Viewing 25 posts - 41 through 65 (of 65 total)
  • Have a word with yourselves.
  • finbar
    Free Member

    Adults on micro-scooters…… Wind it in

    I’m a pretty nice, live-and-let-live kind of person, but when I see grown up men and women commuting on scooters I do judge them a little bit.

    66deg
    Free Member

    Had a word.

    Didn’t have the slightest clue what I was talking about.

    The fact that you listened is all that matters.

    P.S Any update on the steak bake.

    66deg
    Free Member

    Blokes who are following the beard and slickback hair trend (no doubt with a tattoo “sleeve”)
    Have a word with yourself: You are not an individual.

    My wife hates this trend ,i have a promise of a one way ticket to Syria for even thinking about doing it .

    tomhoward
    Full Member

    My wife hates this trend ,i have a promise of a one way ticket to Syria for even thinking about doing it .

    Always have an exit strategy

    66deg
    Free Member

    I have , i’ts a ticket to Iraq.

    Duggan
    Full Member

    Most of this hating on hipsters or people who try and dress fashionably just reeks of male middle aged insecurity tbf. Not everyone has to spend their life in 10 year old trainers falling apart at the seams and a fleece they picked up in Millets in Ambleside.

    edhornby
    Full Member

    People who still use/find amusing the ‘keep calm and carry on’ poster and its variations… Beyond lame… Sorry but it really is lame

    seavers
    Free Member

    • People who fall asleep at work and are only awoken by the sound of their own farts.

    Ummmm I fart myself awake on a regular basis and it gives me sleepy amusement and an undeserved sense of accomplishment. I will not be having a word with myself.

    user-removed
    Free Member

    Not everyone has to spend their life in 10 year old trainers falling apart at the seams and a fleece they picked up in Millets in Ambleside.

    I was actually despairing my lost sense of dignity this morning, when I realised I was wearing a pair of ancient, cheap-ass, shapeless, Craghopper winter fleece-lined trousers, a T-shirt with a cat on it and a fleece jacket and a pair of Sports Direct Karrimor clown-shoes. And I need a haircut and a shave 🙁

    scaredypants
    Full Member

    I tried to have a word with myself but the bluetooth hadn’t paired up properly so I had to leave myself a message 🙁

    CountZero
    Full Member

    footflaps – Member
    Grown men wearing Inca stylie woolly hats.
    WTF are they doing wearing a hat when it’s still summer? I cycled to work in a T shirt and shorts today….

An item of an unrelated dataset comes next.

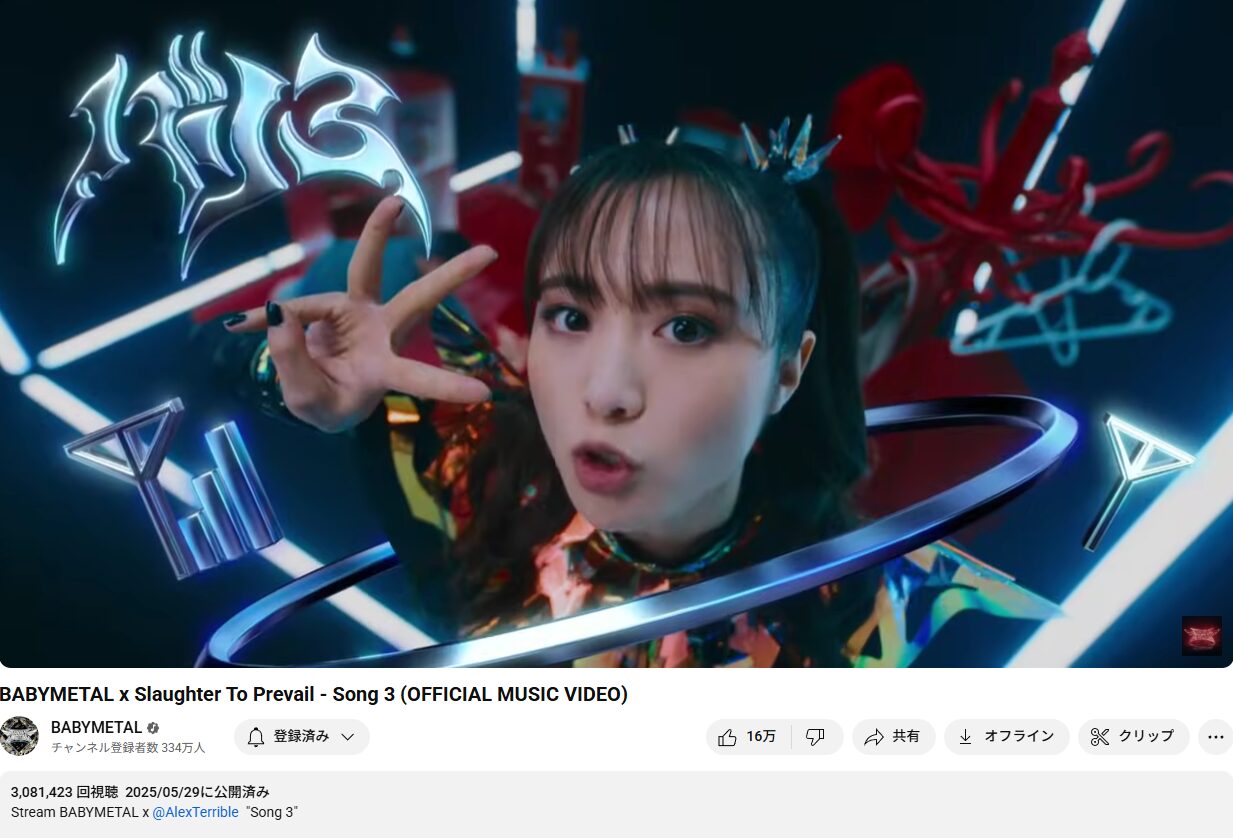 BABYMETAL x Slaughter To Prevail – Song 3 (OFFICIAL MUSIC VIDEO) youtube再生数 3,070,774回、コメント数 9,163。

    I’m riding to work wearing a pair of Vietnam-era Tigerstripe camo combats which have been hacked off just below the knees, whatever old tee takes my fancy, (a Madder Rose one the last couple of days), an old but serviceable pair of Vans SPUD shoes without the Spuds, a 1994 Vail World’s fleece gilet with an equally ancient Buffalo MTB Windshirt, so I’m not in a position to comment really, but the bloke who came in as one of our temps the last couple of days, working in a really rather warm environment and wearing a big thick wooly bobble-ski hat just looked like a complete tit!

    senorj
    Full Member

    People at work who get a little bit of power and turn into Stalin* .
    Trot on.
    (*other dictators available)

    cfinnimore
    Free Member

    Ventriloquists, have a word…

    DezB
    Free Member

    Most of this hating on hipsters or people who try and dress fashionably just reeks of male middle aged insecurity tdf

    Clueless. It’s about people who think they’ve got style cos they copy someone else.
    Have a word with yourself.

    metalheart
    Free Member

    Hmm, I have a big white beard (no hipster haircut, not enough up top for that).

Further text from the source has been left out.